Dad and I never went to the Alhambra together, but we did go to Isfahan and Shiraz in 1956. We saw the Meidan Emam, a large square surrounded by magnificent buildings, including the Ali Qapu pavilion and the Royal Mosque with its magnificent blue dome, and we saw the Chehel Sotoun Palace facing a garden with pool of water that reflects its 20 pillars. We admired the arched entries, slender columns, and the geometric designs of brightly colored tiles.

Not long ago I finally did go with my son to see the Alhambra in Granada and all those memories came back at the sight of superb buildings and gardens, familiar, symmetrical, and lovely.  

Looking out on the gardens at the Alhambra, 2018.

Who knows what our travelling companions saw that day.
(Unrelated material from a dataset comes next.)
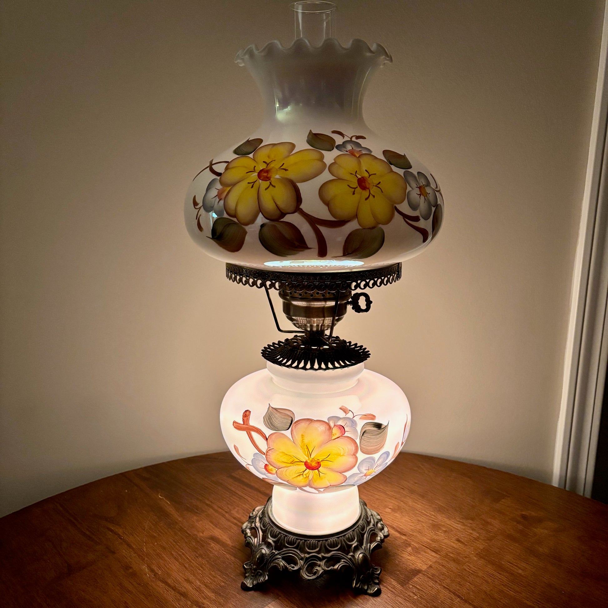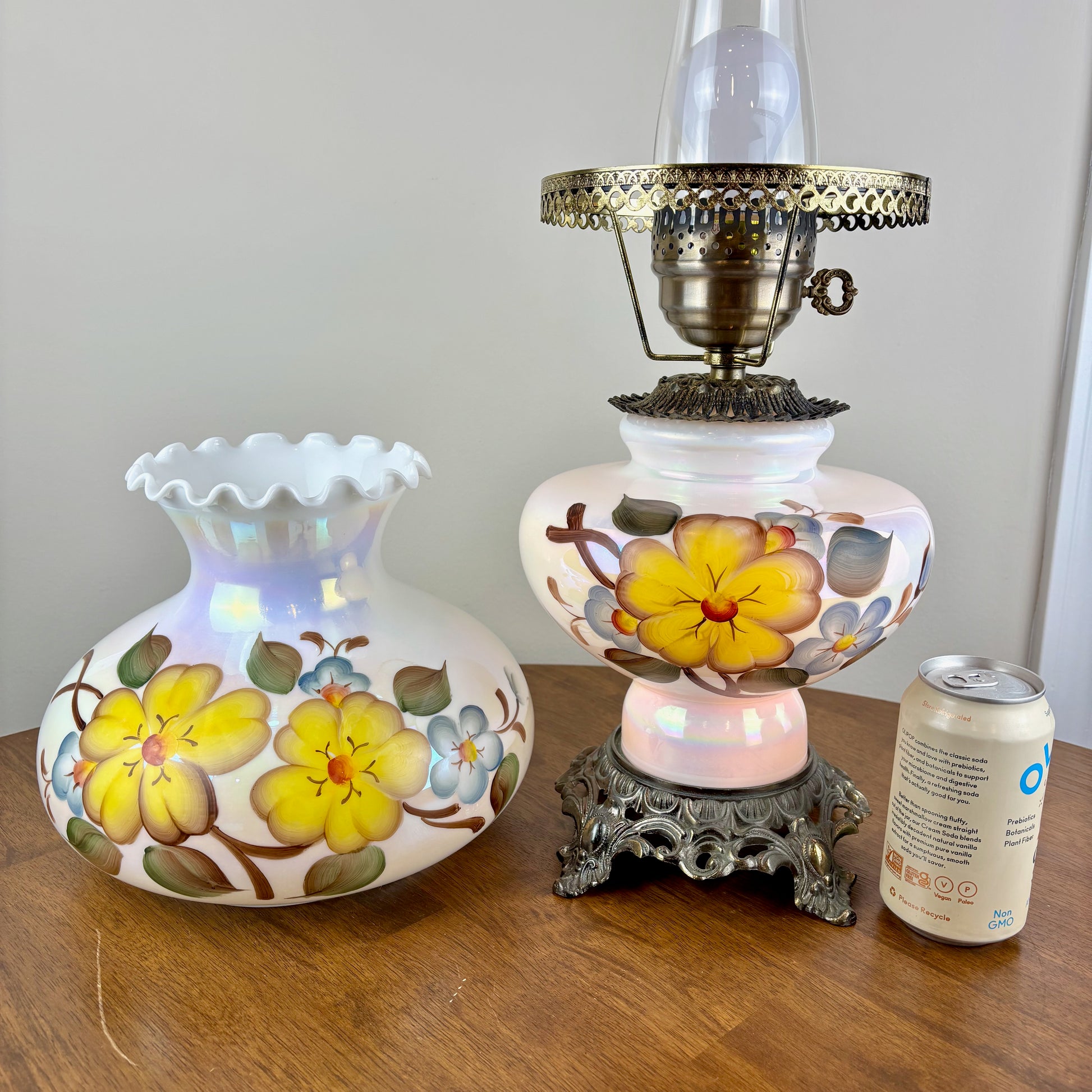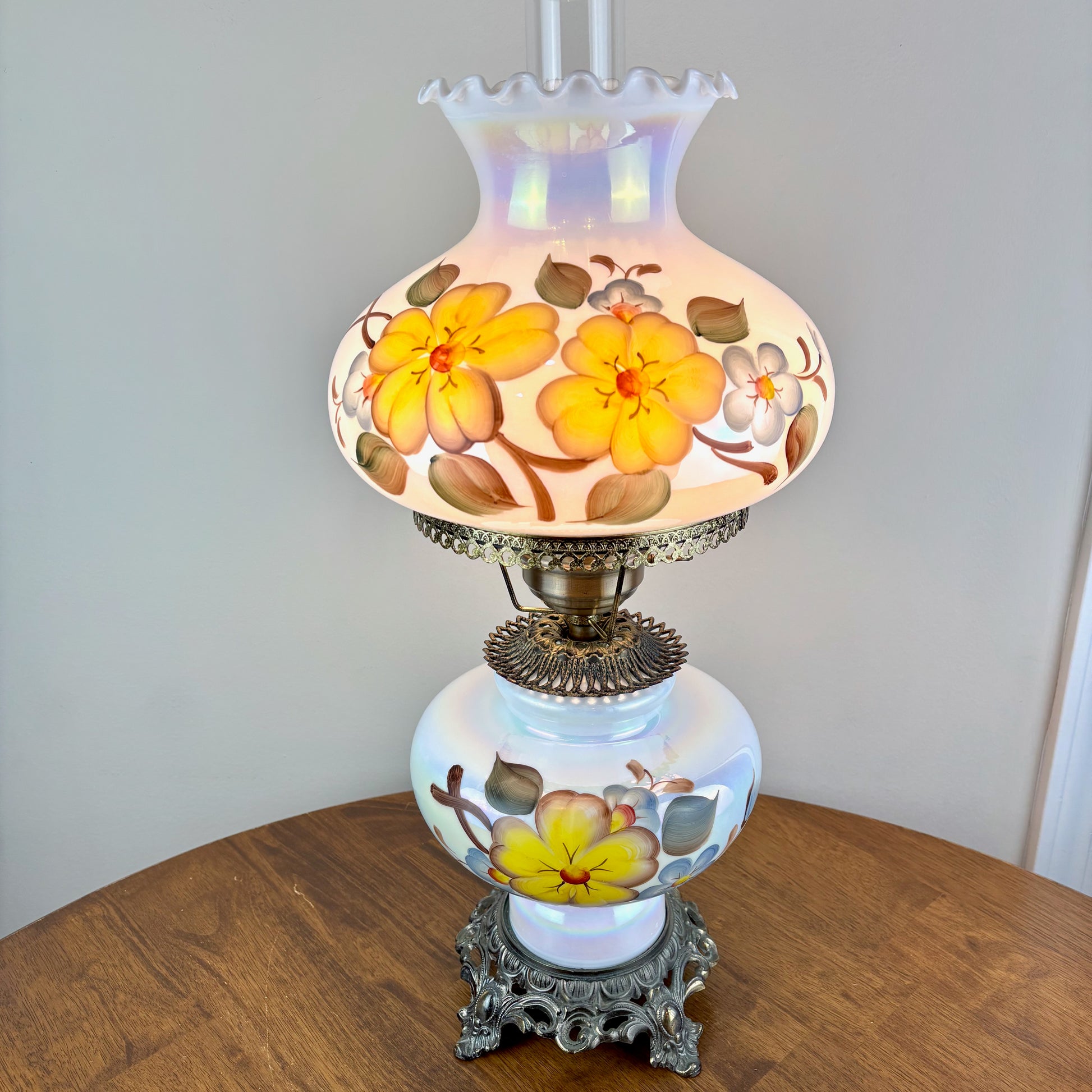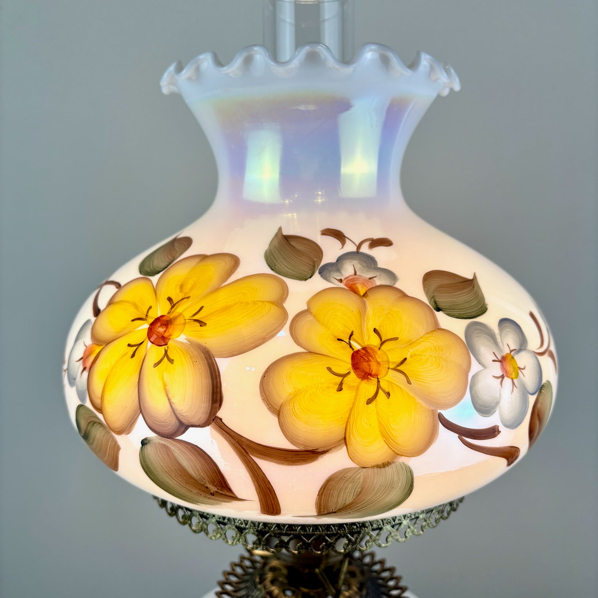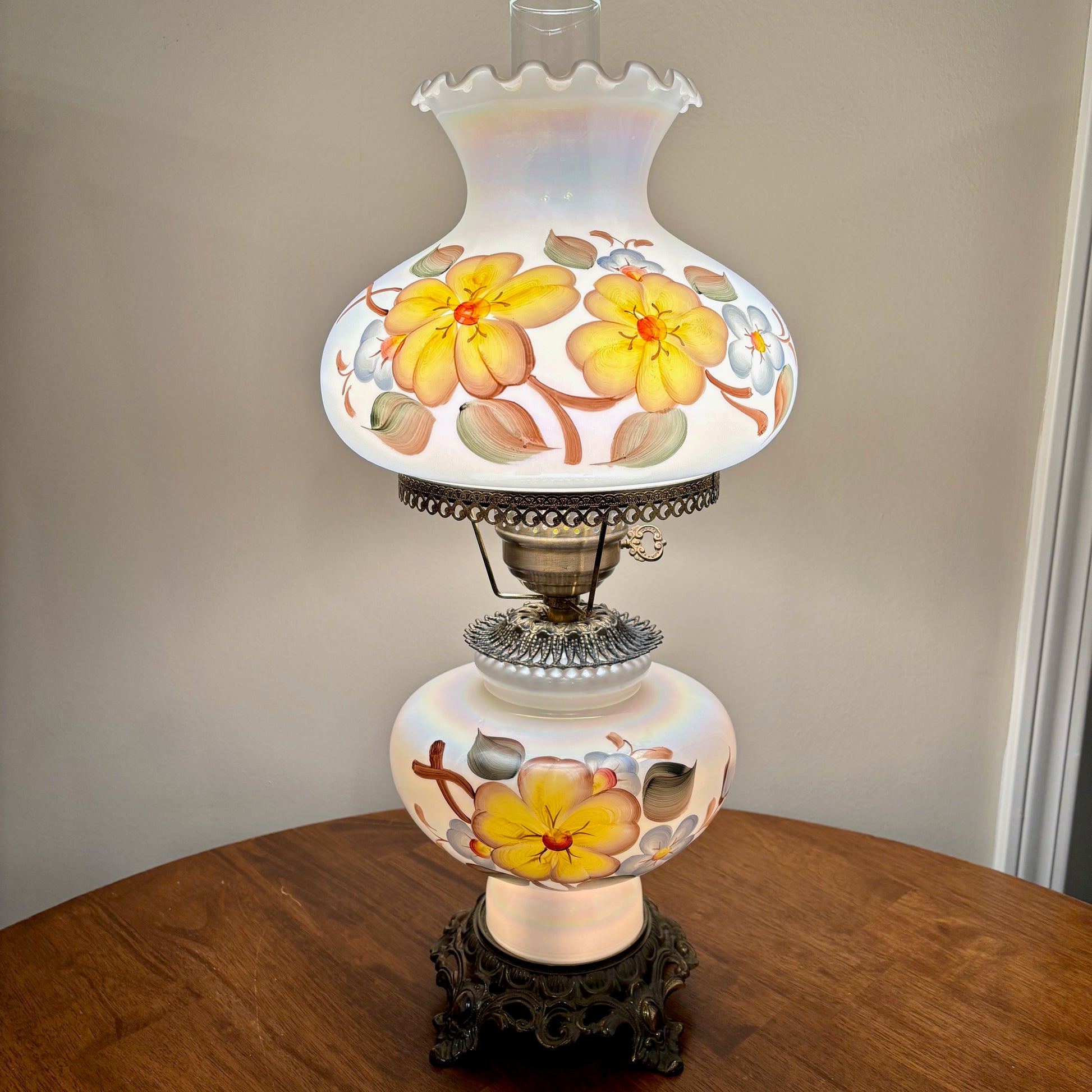 Gorgeous milk glass opalescent luster finish with yellow and blue flowers hurricane lamp.

Were the graceful archways, geometric tiles, and enclosed gardens new or familiar to them? Did some, like me, reflect on Isfahan and card games?
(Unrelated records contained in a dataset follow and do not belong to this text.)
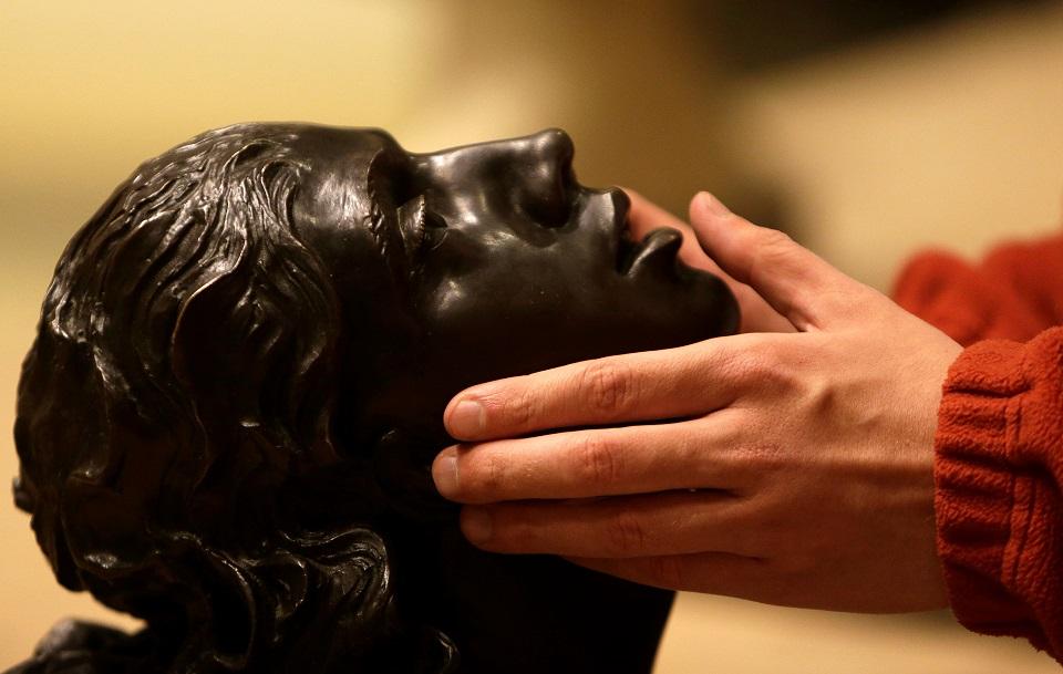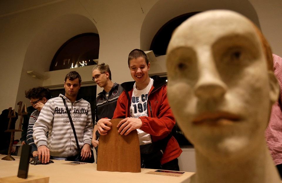 Blind people touch sculptures during a special exhibition for people with visual disabilities in Prague, Czech Republic, December 5, 2016. Picture taken December 5, 2016. REUTERS/David W Cerny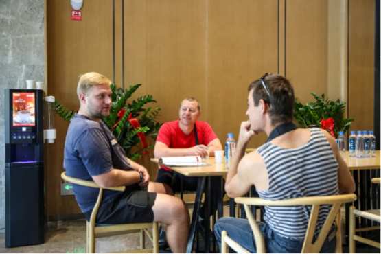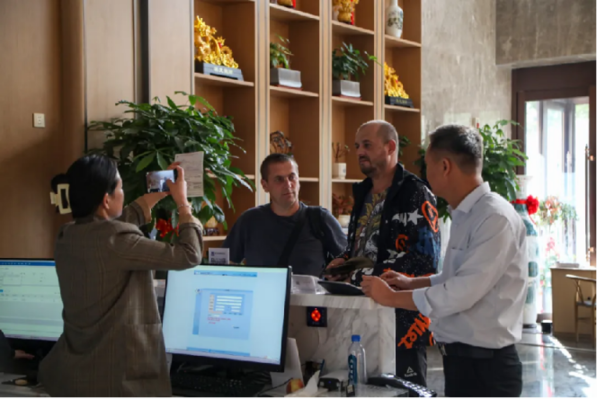 “Здравствуйте!(俄语您好!)”酒店总经理于永飞身着衬衫西裤,笑容满面地开门迎客。见前台正有人员办理入住,他示意几名外籍人员稍作休息,又贴心地递上几杯热咖啡。
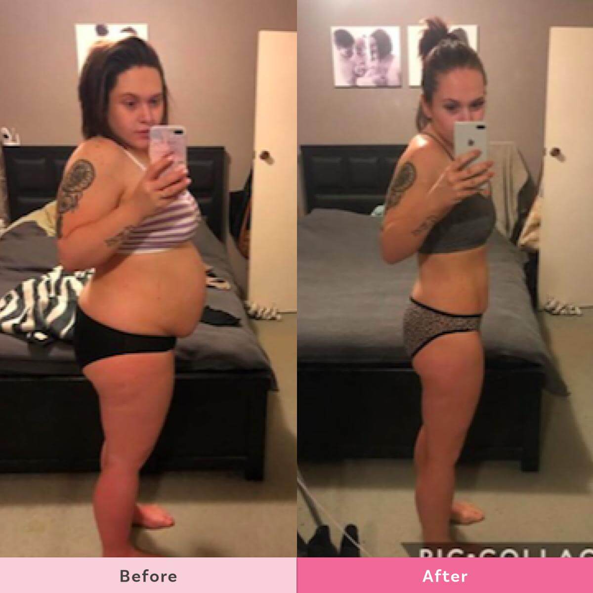 She says “I was so worried during my second pregnancy that I’d never get my pre-baby bod back but here I am even better 9 months later. I’m now lighter than when I fell pregnant with my son”.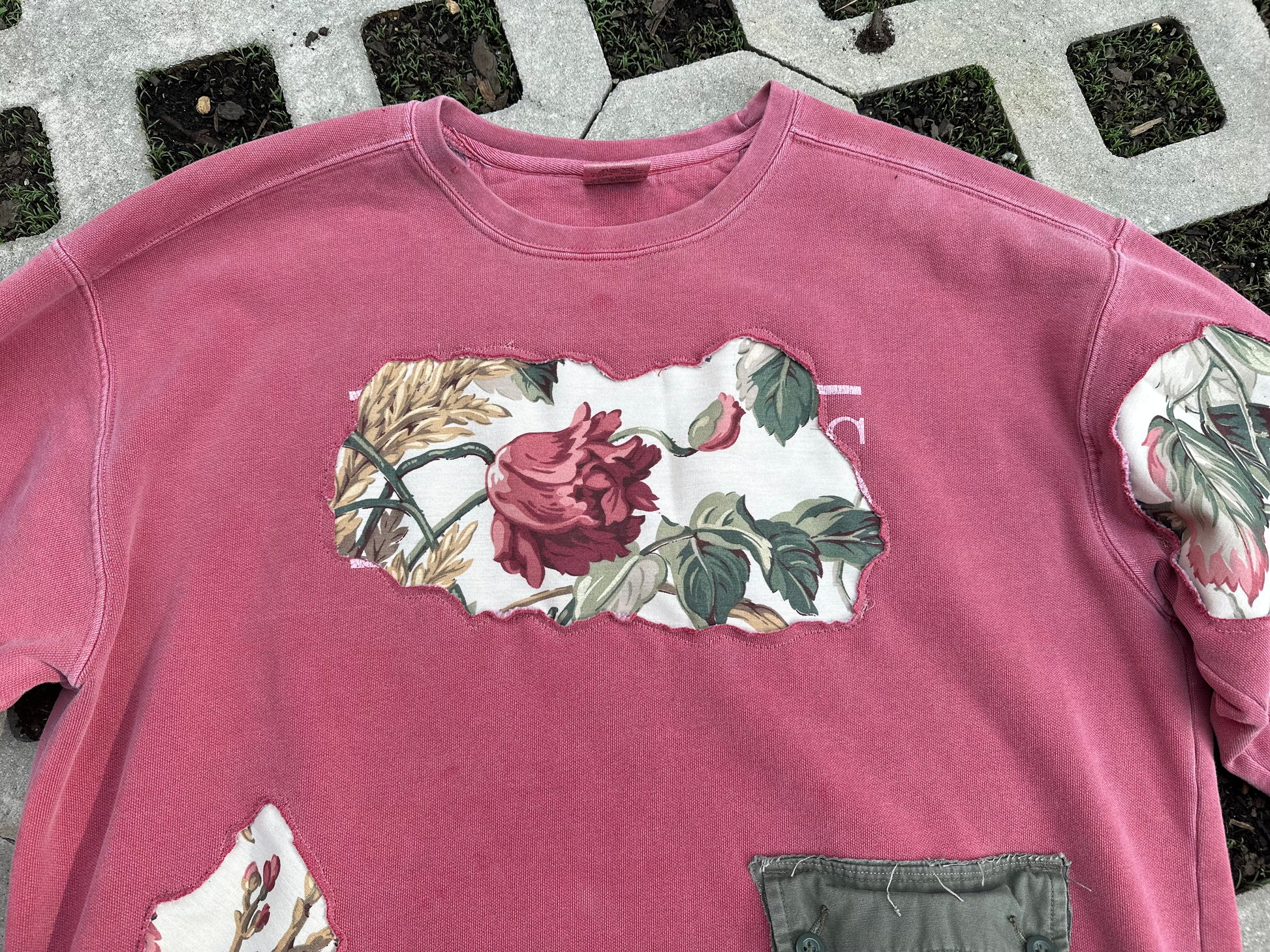 1 of 1 Handmade Faded Red Vintage Floral Crewneck

Happily, both the Meidan Emam https://whc.unesco.org/en/list/115 and the Alhambra are preserved for the future as UNESCO World Heritage sites, recognized and protected for their unique contribution to world culture. Both are impressive outdoor spaces which include unique historical buildings.   The Chehel Sotoun Palace itself is also a World Heritage site included in a group of the Persian gardens, known for their beauty and symmetry. https://whc.unesco.org/en/list/1372  The Alhambra World Heritage site is grouped with the Generalife, a residence of the emirs, and the Moorish residential town of Alabyzin. https://whc.unesco.org/en/list/314 Rather than trying to describe here the history and unique features of these sites in terms of architecture, irrigation, and city planning, I urge you to check out the descriptions on the UNESCO web site.

After walking through the extensive grounds of the Alhambra, I needed a rest, so as my son climbed the hill to the Generalife, I sat down to read Washington Irving’s Tales of the Alhambra that I found in the gift shop. Born in the eighteenth century, Irving wrote stories in a age from a context both historical and personal which is very different from our own. I have to admit that the romantic style of this book, written in 1832, did not draw me in, but I did read a little here and there and I’m sure that the book as well as the card game served to introduce the name Alhambra to many curious travelers through the years. What I did learn was that Washington Irving was appointed the American ambassador to Spain and his travels there included a sojourn in the Alhambra itself which inspired the book. Today more people might know him as the author of The Legend of Sleepy Hollow than as an “author” in a card game, but for me the name “Alhambra” will always be associated with childhood travels and card games with my dad.